» **THE DATA**:
■ ■ ■ ■ ■ ■ ■

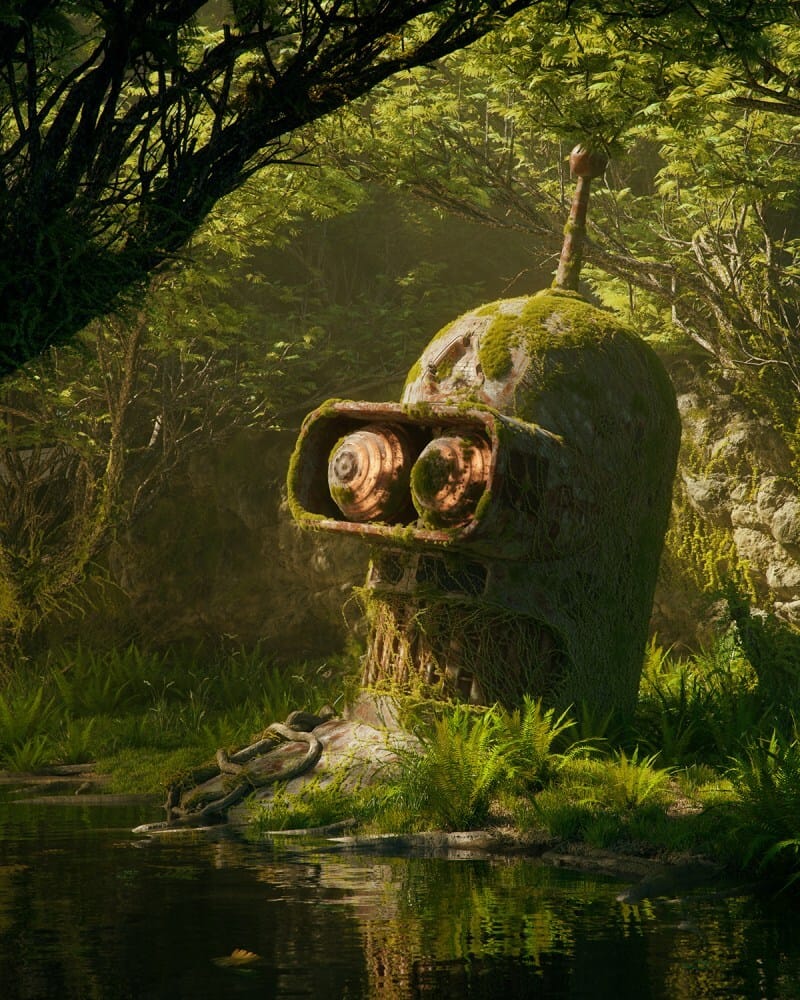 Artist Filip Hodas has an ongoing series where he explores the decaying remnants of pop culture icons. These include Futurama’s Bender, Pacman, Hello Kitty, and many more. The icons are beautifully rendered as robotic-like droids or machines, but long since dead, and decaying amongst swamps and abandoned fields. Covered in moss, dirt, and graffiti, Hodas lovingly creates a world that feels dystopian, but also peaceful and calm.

■ ■ ■ ■ ■ ■ ■

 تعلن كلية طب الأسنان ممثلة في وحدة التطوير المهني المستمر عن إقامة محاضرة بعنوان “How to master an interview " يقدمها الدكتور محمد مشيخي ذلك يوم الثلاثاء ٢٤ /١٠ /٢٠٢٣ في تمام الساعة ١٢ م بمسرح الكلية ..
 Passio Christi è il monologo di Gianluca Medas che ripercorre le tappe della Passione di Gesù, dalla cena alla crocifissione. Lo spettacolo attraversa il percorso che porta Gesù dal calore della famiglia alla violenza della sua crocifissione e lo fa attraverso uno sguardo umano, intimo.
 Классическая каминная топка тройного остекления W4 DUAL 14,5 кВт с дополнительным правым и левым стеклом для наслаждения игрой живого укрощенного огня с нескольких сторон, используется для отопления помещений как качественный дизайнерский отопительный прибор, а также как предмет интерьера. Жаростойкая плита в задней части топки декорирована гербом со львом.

■ ■ ■ ■ ■ ■ ■

» **WHAT IS BEING ASKED**:
Your answer should be the exact lines above from the one with "تعلن كلية طب" through the one with "Классическая каминная топка", both included, and nothing besides.

» **OUTPUT OF THE EXERCISE**:
 تعلن كلية طب الأسنان ممثلة في وحدة التطوير المهني المستمر عن إقامة محاضرة بعنوان “How to master an interview " يقدمها الدكتور محمد مشيخي ذلك يوم الثلاثاء ٢٤ /١٠ /٢٠٢٣ في تمام الساعة ١٢ م بمسرح الكلية ..
 Passio Christi è il monologo di Gianluca Medas che ripercorre le tappe della Passione di Gesù, dalla cena alla crocifissione. Lo spettacolo attraversa il percorso che porta Gesù dal calore della famiglia alla violenza della sua crocifissione e lo fa attraverso uno sguardo umano, intimo.
 Классическая каминная топка тройного остекления W4 DUAL 14,5 кВт с дополнительным правым и левым стеклом для наслаждения игрой живого укрощенного огня с нескольких сторон, используется для отопления помещений как качественный дизайнерский отопительный прибор, а также как предмет интерьера. Жаростойкая плита в задней части топки декорирована гербом со львом.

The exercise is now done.